Na minha opinião, a menopausa deve ser encarada como uma oportunidade e um recomeço. É uma fase em que as mulheres são mais sábias, sabem melhor o que gostam, o que querem e que não querem para as suas vidas. Acumularam múltiplas experiências e saberes, o que as coloca num lugar privilegiado para tomarem decisões e alcançarem sucesso em projetos novos ou em curso.

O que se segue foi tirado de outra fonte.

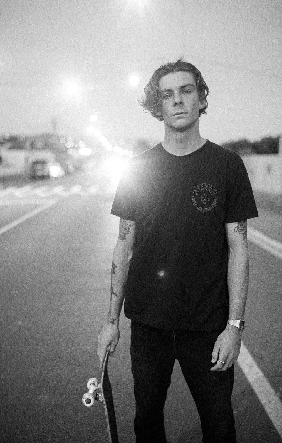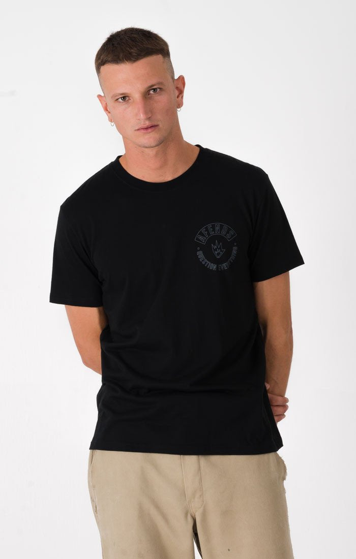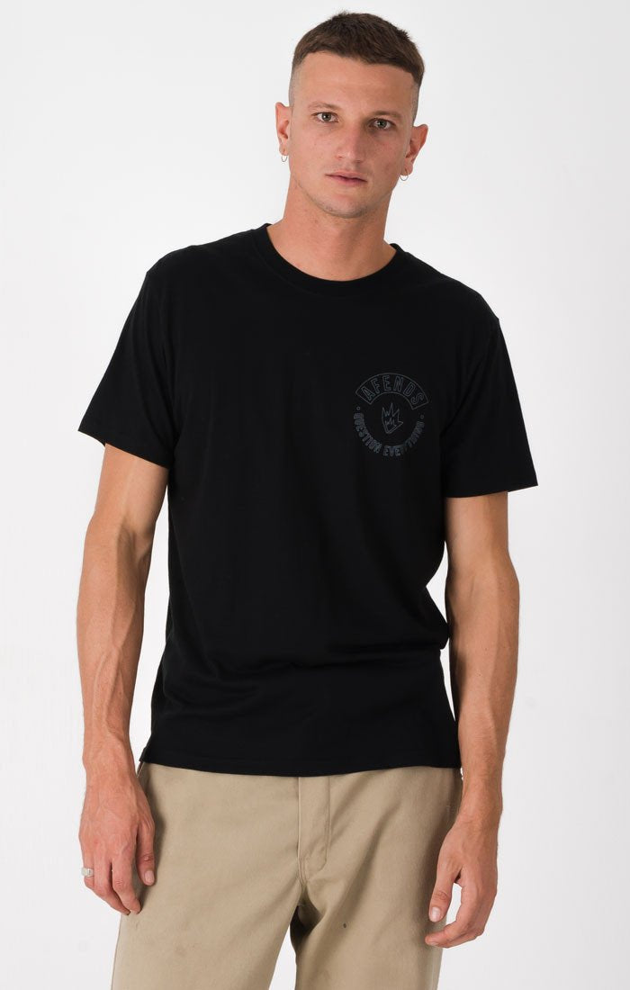 The Afends 'Standard Fit Tee' is a tailored cut with fitted sleeve and narrow cotton rib collar band.
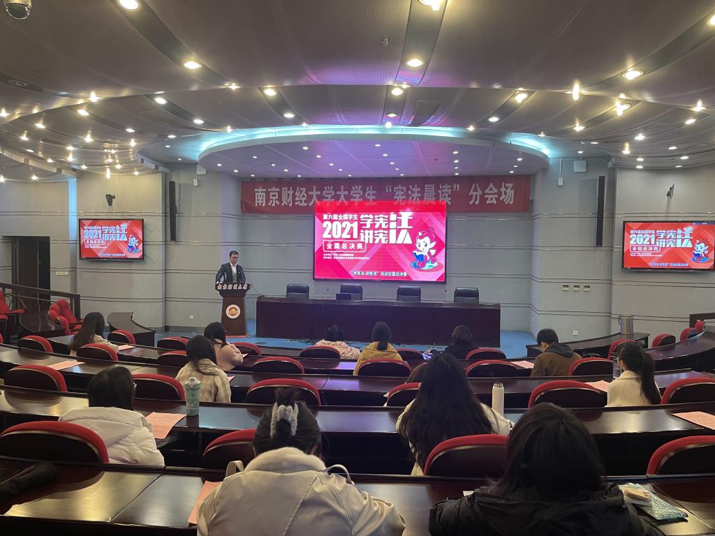 12月3日上午,我校在仙林校区行政楼二楼报告厅设立大学生“宪法晨读”分会场,组织部分师生网络连线教育部全国青少年普法网,同步参与教育部在北京主会场开展的2021年国家宪法日教育系统宪法晨读活动。同时,各学院也广泛组织同学观看和参与直播活动,开展宪法学习教育。活动中,学生们通过网络直播观看升旗仪式、唱国歌、进行宪法晨读、聆听歌曲《宪法伴随我们成长》,并观看第六届全国学生“学宪法 讲宪法”活动全国总决赛优秀学生的展演。“宪法晨读”活动,激发了同学们不断学习法律知识、提高自身法律素质的强烈意愿,增强了师生的法治观念并弘扬了宪法精神。
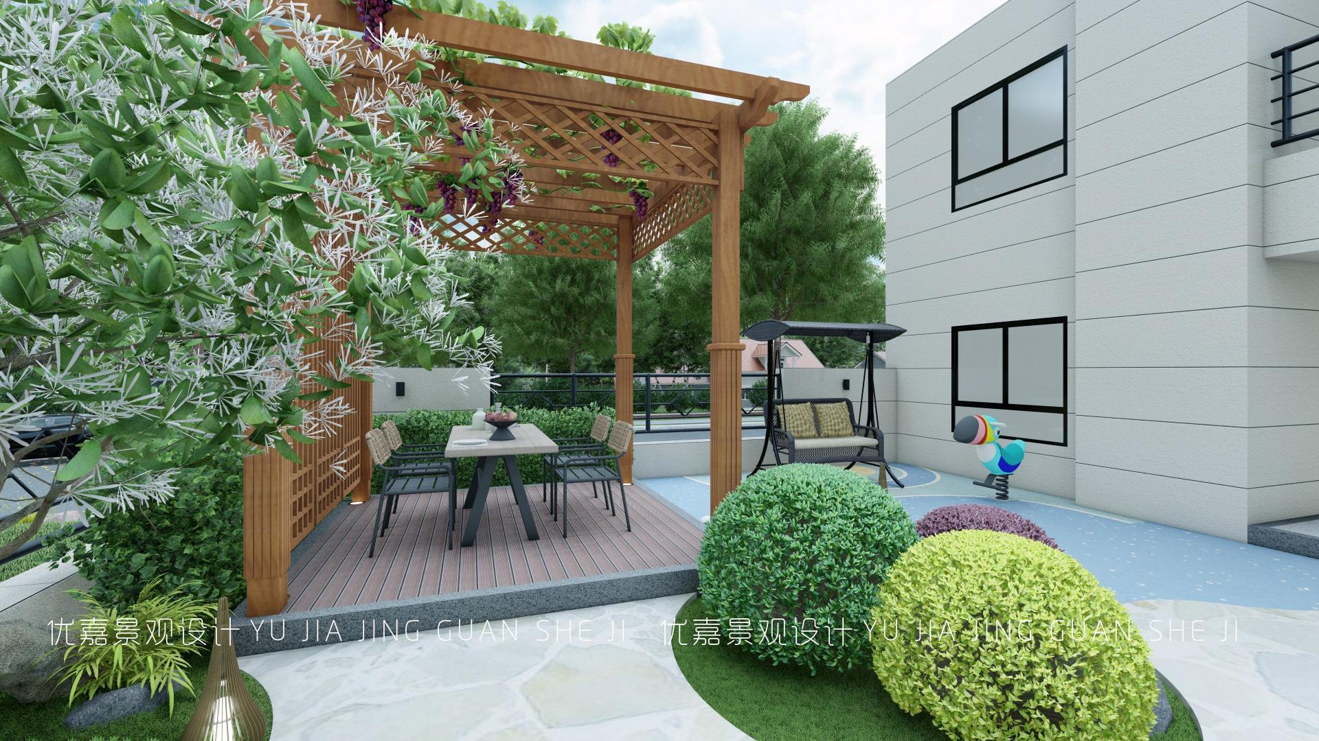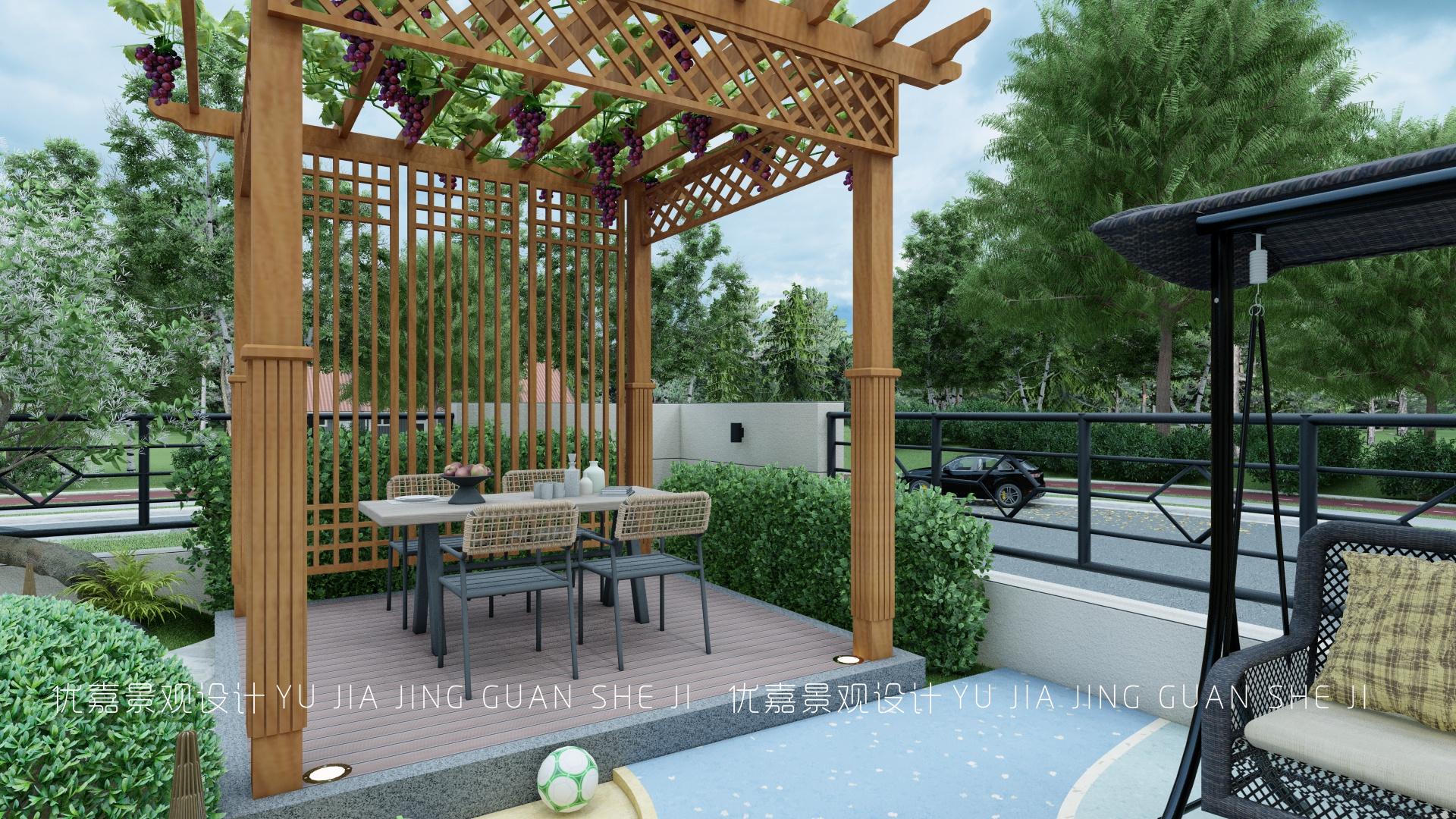 搭建防腐木廊架,擺放餐桌椅可以用來吃飯聊天休息等,坐在廊架內(nèi)的角度剛好可以欣賞到美的景色。

Por outro lado, nas mulheres que tiveram filhos, a menopausa muitas vezes coincide com a altura em que eles se tornam mais autónomos ou saem de casa, o que por um lado pode provocar alguma tristeza pelo síndrome do ninho vazio, mas por outro lado permite mais tempo e disponibilidade para atividades com o parceiro, vida social, ou para aceitar novos desafios em diversos campos que as entusiasmem.
É muito comum assistir à criação e ascensão de projetos muito interessantes, lucrativos ou não, de mulheres nesta faixa etária, e muitas delas referem que só alcançaram confiança, espaço e tempo para si próprias e para os seus sonhos depois dos cinquenta anos.
Ou seja, a menopausa não tem que ser um período sofrido, constrangedor e vivido de forma isolada?
Claro que não, temos muitas ferramentas ao nosso dispor, medicamentosas e não só, para contrariar os incómodos causados pela transição hormonal, para que as mulheres desfrutem da sua vida familiar, social, afetiva e sexual, de uma forma tão ativa como antes. Uma das peças chave nesta transição e que recomendo muito é a prática regular de atividade física ou desportiva.